Money Management Tips
An often-overlooked area of managing your financial spread betting career is money management. In a business that revolves almost entirely around dealing in money, it is surprising that so many traders pay little attention to the state of their trading accounts and their wider finances, with apparently no thought for the medium and long-term. Yet the frequency of poor money management is no excuse for this fatal trading flaw, and adopting a sensible, reasoned approach to managing your trading finances is critical to your success or otherwise.
In spread betting, as with any other form of trading, your cash is the lifeblood of your earnings - without ongoing investment in your trading positions, you can be sure that your earnings will quickly dry up. At the same time, you will notice a constant stream of losing trades, sapping your resources and applying even more pressure on you to deliver winning trades. Don't be disheartened by this - even the best traders regularly lose. Markets are unpredictable and losses inevitable - the trick lies in ensure that at least 20% of your trades win, and win big enough to at least offset the damage of the remaining 80%. This takes a careful approach to money management, and an understanding of your trading limits.
Spread betting is highly leveraged in both directions.
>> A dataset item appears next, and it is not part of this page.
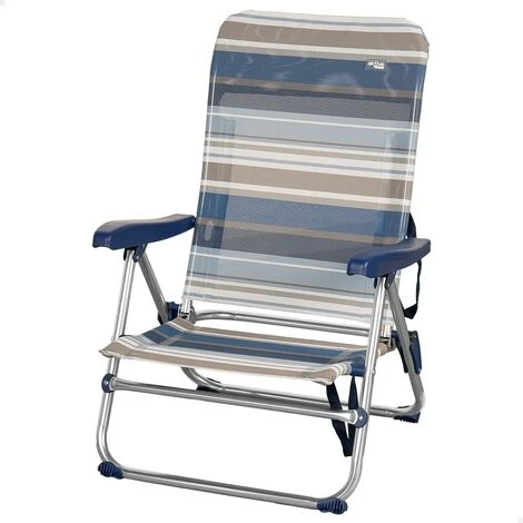 Silla de playa baja Aktive Beach diseño azul a rayas blancas con 5 posiciones, se tumba hasta quedar horizontal y se pliega por completo. Medidas 46,5 x 50 x 85 cm, con estructura tubular de 2 cm, asiento de textileno de 26 cm de alto y distancia entre reposabrazos de 61 cm de ancho. Tejido cómodo, flexible y de secado rápido. Incluye 1 asa para transportarla cómodamente y cuenta con tacos antideslizantes en las patas para mayor seguridad.

You might win £100 on one trade and lose it again just as quickly on another, because every point is another multiple of your stake in your favour, or against your trading balance. That means you need to seriously think about how much you can afford to stake on a single transaction, and how many transactions you want to have open at any one time.
As a rule of thumb, a trading account with £500 shouldn't trade at more than £1 a point. In terms of the number of open positions, you should be looking at no more than 5 or 6. This might seem a little cautious, but the numbers in spread betting can be deceptive. If 6 positions each lose 10 points, that's £60 off of your trading balance - 12% of your account wiped out in one day.
If those same positions lose 20 or 30 points, you're looking at real problems. Remember that managing your money isn't a short-term cash flow thing - it's a long-term consideration that you must constantly bear in mind, and anything you lose now won't necessarily be available for you to trade in six months' time. Therefore, it's imperative to make sure you don't get greedy and over think it - slow and steady most definitely wins the race.
After all, if you invested your £500 in a top earning savings account at even an unrealistic 10% yield, you'd only be looking at a return of £550 (before tax) in the year - with cautious spread betting, it can be easily possible to yield a couple of percent a day, and via the magic of compound interest, you can quickly build your trading capital.
Finally, it's important to remember that spread betting doesn't take place in a vacuum, and even if you're trading numbers on a computer screen, you should constantly bear in mind that you're trading real cash, and your on-screen liability can and will follow you into the offline domain.
Don't take any stupid risks that you can afford - it's not worth it. Patience will pay off, and sensible money management will ensure you're still in the game in years to come, and in a strong position to take advantage of the more lucrative opportunities that present themselves.